By John Vibes

According to a recent report, the US government spent at least four years financing underground hip-hop artists in Cuba, as a means of subverting the Cuban government.

Matt Herrick, spokesman for the U.S. Agency for International Development (USAID), the agency who ran the program, admitted to the accusations last week.

“It seemed like a good idea to support civil society. It’s not something we are embarrassed about in any way,” he said.

In a later statement, USAID said that it “supports civil society programs in Cuba and other restrictive environments as part of the U.S. government’s overall effort to promote resilient, democratic societies.”

The total amount of money that they spent on the project has yet to be revealed, but the agency claims that Congress was “briefed” on their budget. The program was initially spearheaded by Serbian contractor Rajko Bozic, but many of the other participants still remain anonymous.
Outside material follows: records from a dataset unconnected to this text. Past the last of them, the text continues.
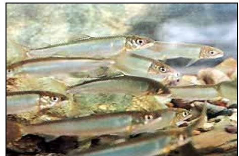
リュウキュウアユ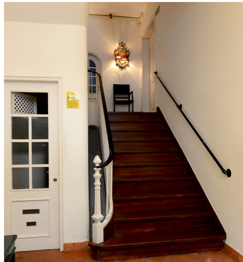
Escada de acesso às instalações do SNMCR com entrada pelo nº 57 da R. dos Douradores.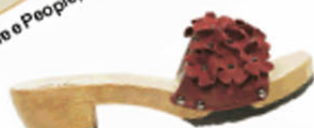
Softdox, ca. 110 €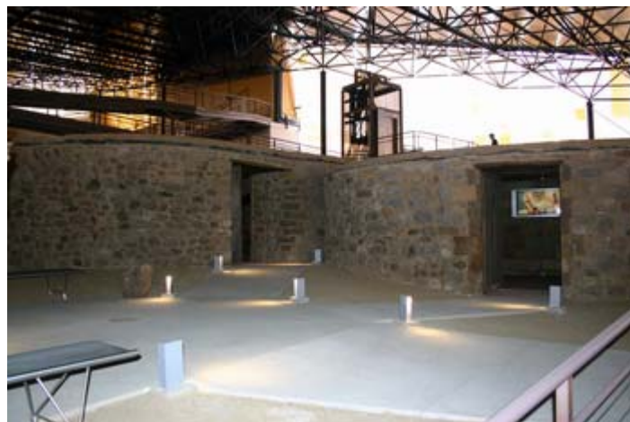
Reconstrucción de viviendas aborígenes. Parque Cueva Pintada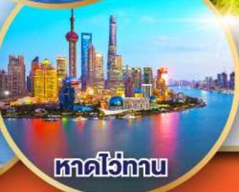
หาดไว่ทาน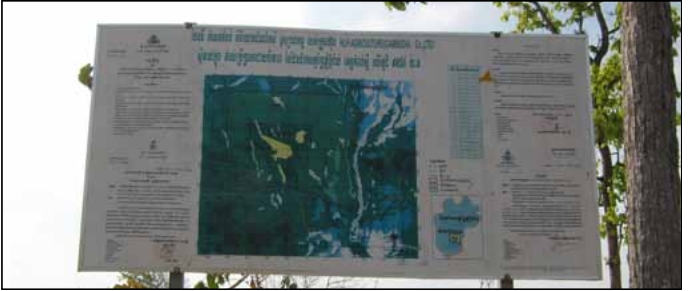
ផែនទីកំណត់តំបន់កសិឧស្សាហកម្មរបស់ក្រុមហ៊ុន អេច អិល អេច ដែលមានទីតាំងក្នុងតំបន់ ជីវកសិកម្មព្រៃភ្នំខ្ពស់ ខេត្តកំពង់ស្ពឺ ដែលមានផ្ទៃដីចំនួន ៩៩៨៥ ហិកតា។ ទំហំដី-នេះត្រូវបានផ្ទេរពីសម្បត្តិរដ្ឋ ទៅជាសម្បត្តិឯកជន មុនពេលប្រគល់អោយក្រុមហ៊ុន អេច អិល អេច (ច្បាប់ចម្លងនៃអនុក្រឹត្យមួយច្បាប់ក៏បានភ្ជាប់ជាមួយផងដែរនៅផ្នែកខាងឆ្វេងនៃផែនទី)

ការប្រមូលករណីសិក្សាចំនួន១១នេះ វាគ្រាន់តែជាការបង្ហាញនូវឧទាហរណ៍មួយចំនួន នៃជម្លោះដីធ្លីដ៏ខ្លាំងបំផុត ដែលកំពុងតែបានកើតមានពាសពេញប្រទេសកម្ពុជា ដែលបានបង្កឡើងដោយ " គំរោងអភិវឌ្ឍន៍ ឧស្សាហកម្ម " នៅក្នុងអំឡុងពេលជិត២ទសវត្សរ៍នេះ ។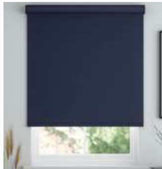
Ilustrimi nr.10 - Perde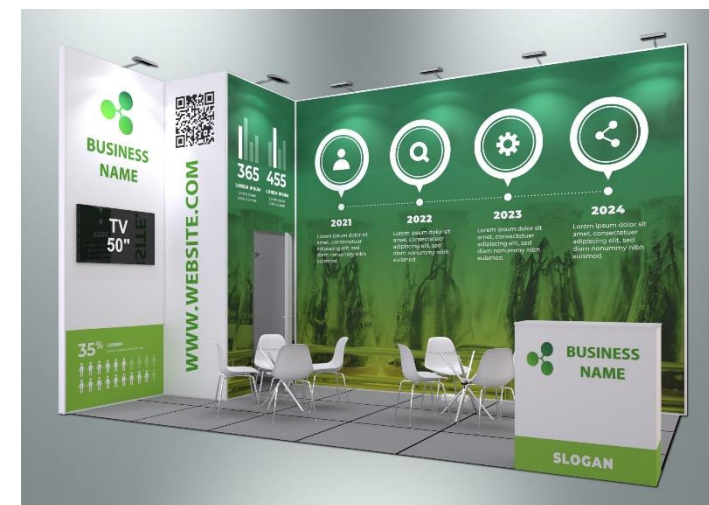
Пример оформления стенда с полноцветным оформлением поверхностей (дополнительная услуга)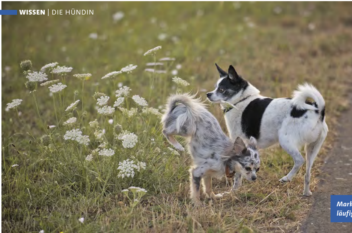
Markierverhalten einer läufigen Hündin.

When he arrived in Cuba, Bozic scouted a revolutionary hip-hop group called Los Aldeanos and worked for several months to co-opt their following. Bozic supplied the group with money and opportunities that allowed them to rise in popularity quickly, so they were not very suspicious of his background. Since the fallout of the operation, Los Aldeanos has reportedly moved back to America and toned down their lyrics.

It is not clear how many other agents or how many other artists were involved in this program.